The objective of the study was to determine whether subclinical hypothyroidism causes decrements in health status, mood, and/or cognitive function.


This was a double-blinded, randomized, crossover study of usual dose l-thyroxine (L-T4) (euthyroid arm) vs. lower dose L-T4 (subclinical hypothyroid arm) in hypothyroid subjects.


Nineteen subjects on L-T4 therapy for primary hypothyroidism participated in the study.


Subjects underwent measurements of health status, mood, and cognition using validated instruments: Short Form 36, Profile of Mood States, and tests of declarative memory (paragraph recall, complex figure), working memory (N-back, subject ordered pointing, digit span backward), and motor learning (pursuit rotor). The same measures were repeated after 12 wk on each of the study arms.

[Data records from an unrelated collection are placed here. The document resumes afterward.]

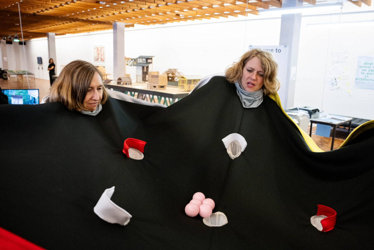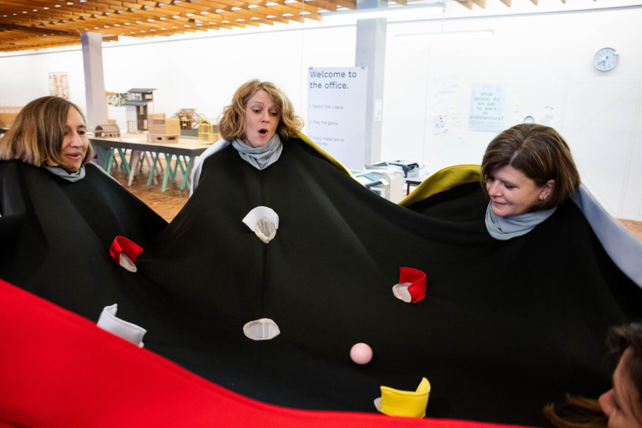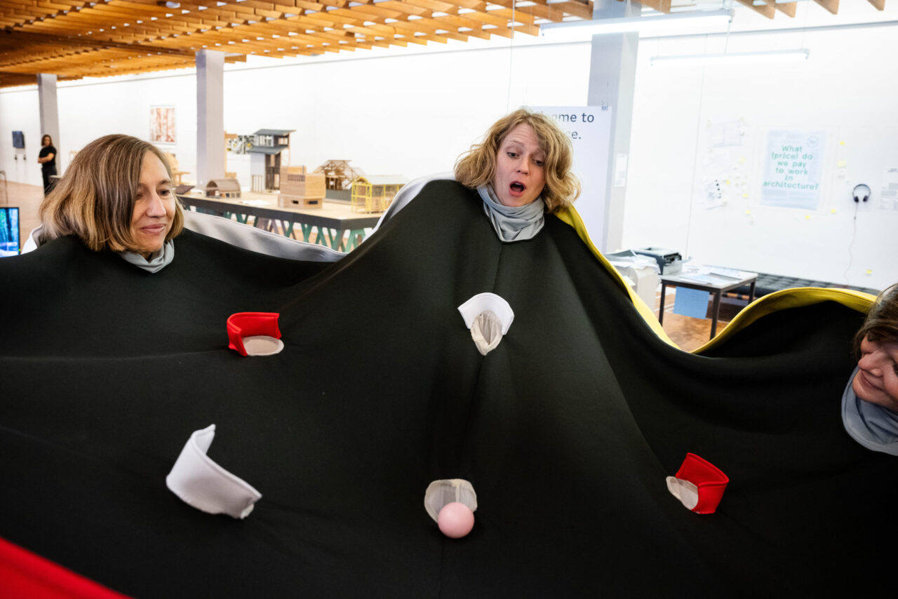 “The Great Repair” was an exhibition project launched in 2023 by ARCH+ in collaboration with the Akademie der Künste, Berlin, ETH Zürich, and the University of Luxembourg. The project explored repair as a design paradigm for architecture and urbanism, addressing resource consumption and the ecological crisis. It featured over 40 positions from art, architecture, and spatial practices and was accompanied by a two-volume publication and an event program. The premiere of the Great Repair was in in Berlin was from October 14, 2023, to January 14, 2024. Critical Broadcasting Lab presented the Balls for All game developed by students in the first Collective Architecture Studio, as an artefact whose creation and use were both in part directed at the “repair” of the pedagogical project of the design studio.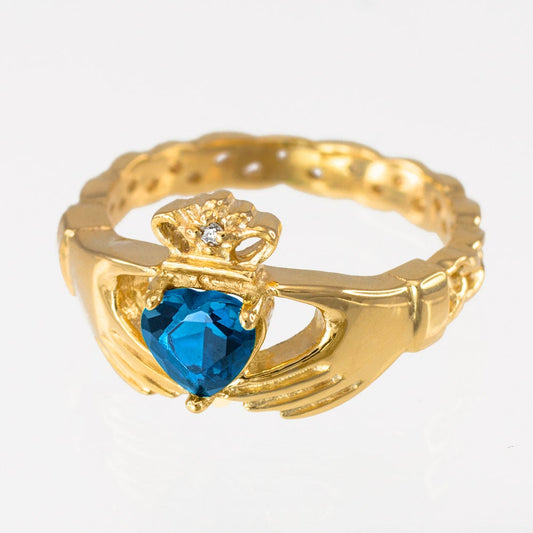 Gold Claddagh Ring - Blue Topaz CZ Birthstone Diamond Ring - Celtic Band Claddagh Ring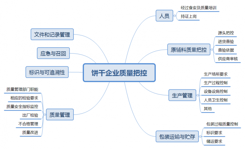 餅干生產(chǎn)企業(yè)應(yīng)設(shè)立質(zhì)量管理部門,職責(zé)包括但不限于: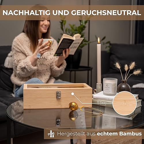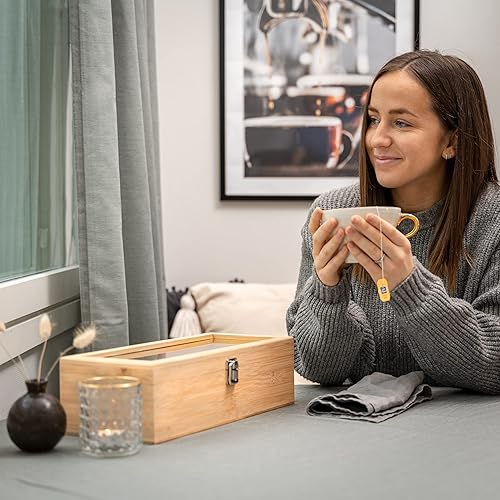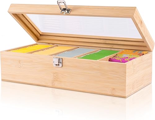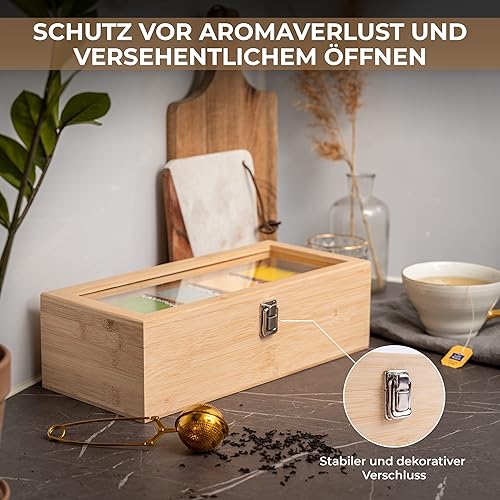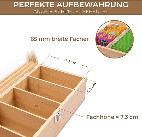 Valuna Boîte à thé en bambou H x l x P : env. 11 x 36 x 16 cm, boîte de rangement avec 5 compartiments, boîte à thé en bois pour ranger 100 sachets de thé
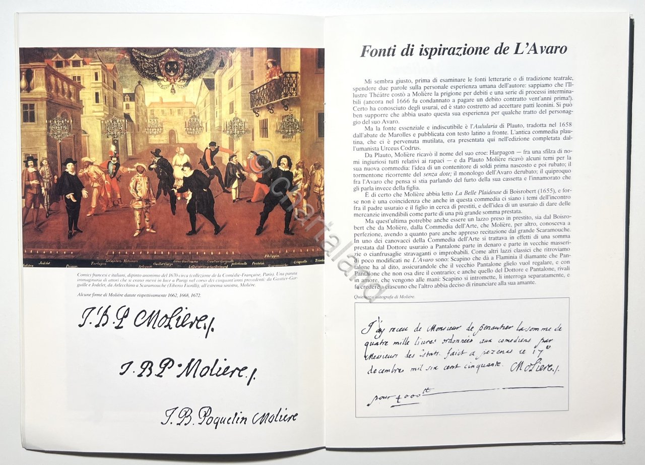 Teatro - Ugo Tognazzi in L'avaro di Molié,re - ed. 1988 ,Testo in italiano. Pagine 28 con illustrazioni.
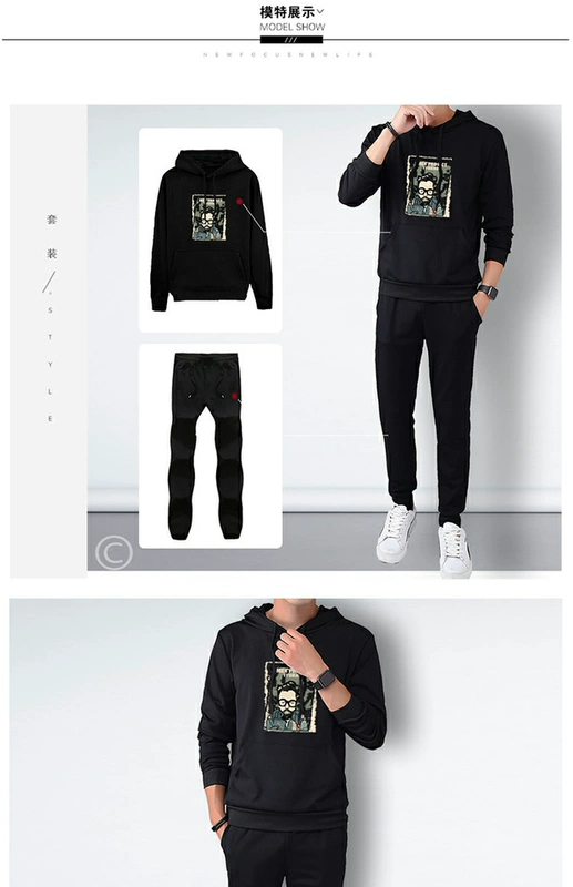 Áo len Wei quần phù hợp với nam trùm đầu trùm đầu mùa đông nam thể thao và giải trí cộng với nhung dày trùm đầu hai mảnh hoodie tím Áo len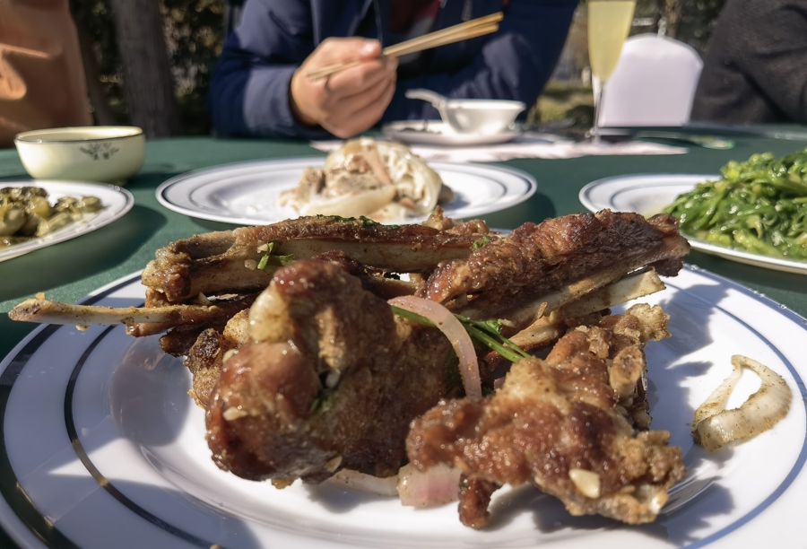 金色稻田旁,热闹非凡的长桌宴一字排开,以“张桥羊肉”为主食材的十余道经典菜品为前来品尝的食客带来丰富的味觉体验:热气羊肉冒着白白的蒸汽,咬一口爽滑弹嫩,香而不腻;羊杂汤色白滚烫,尝一匙味道鲜美,齿颊留香;红烧羊肉、烤羊排,烫一壶温润的老酒,来几口鲜美的羊肉,现场的饕客们大快朵颐,赞不绝口。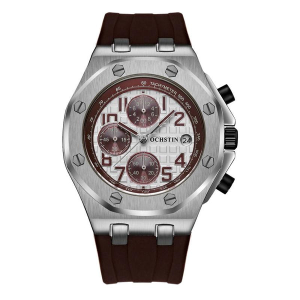 OCHSTIN 6100A Multifunctional Quartz Waterproof TPU Strap Men Watch(Silver+Coffee)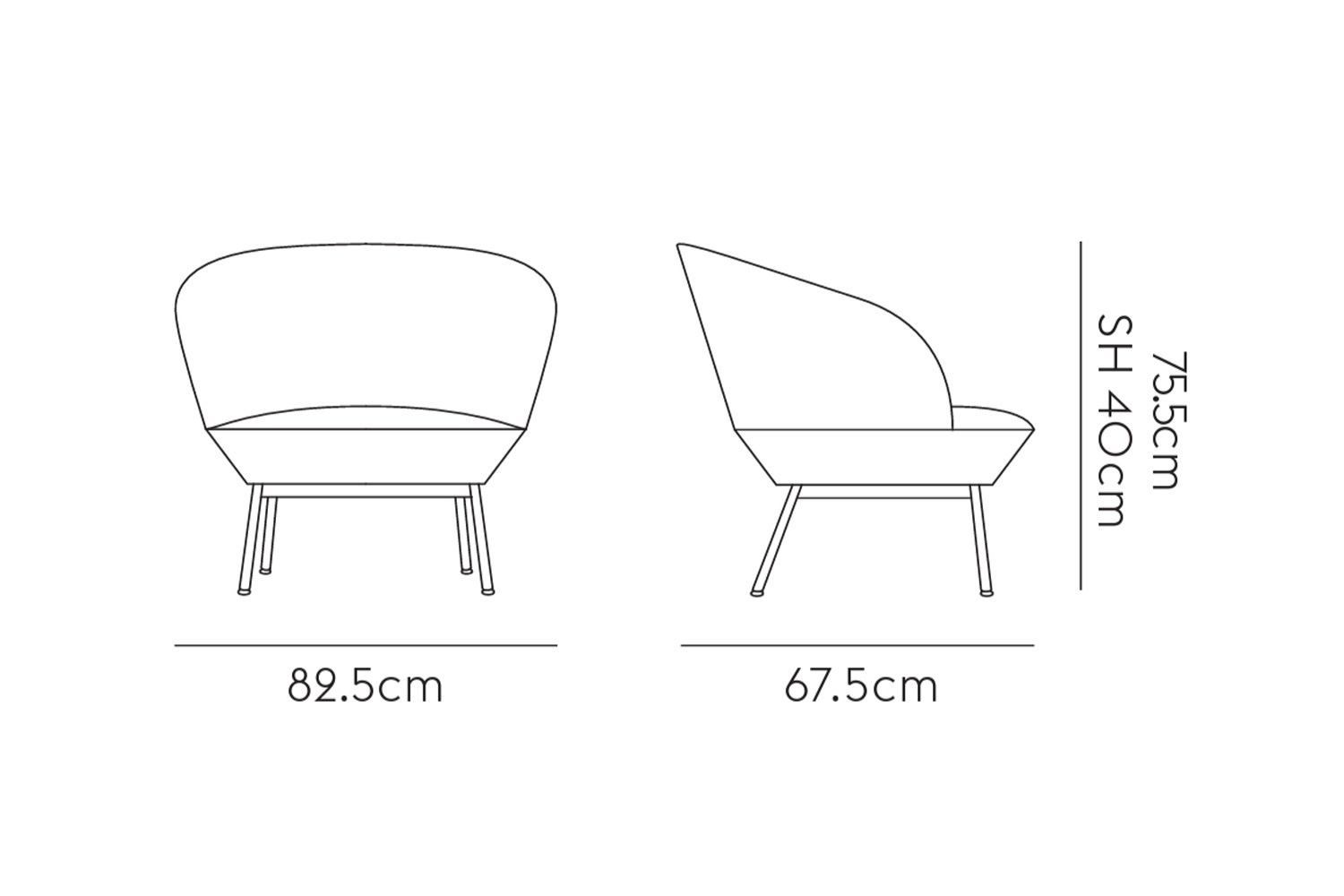幅82.5 × 奥行67.5 × 高さ75.5cm / 座面の高さ40cm

Mean TSH levels increased to 17 mU/liter on the subclinical hypothyroid arm (P < 0.0001). Mean free T4 and free T3 levels remained within the normal range. The Profile of Mood States fatigue subscale and Short Form 36 general health subscale were slightly worse during the subclinical hypothyroid arm. Measures of working memory (N-back, subject ordered pointing) were worse during the subclinical hypothyroid arm. These differences did not depend on mood or health status but were related to changes in free T4 or free T3 levels. There were no decrements in declarative memory or motor learning.


We found mild decrements in health status and mood in L-T4-treated hypothyroid subjects when subclinical hypothyroidism was induced in a blinded, randomized fashion. More importantly, there were independent decrements in working memory, which suggests that subclinical hypothyroidism specifically impacts brain areas responsible for working memory.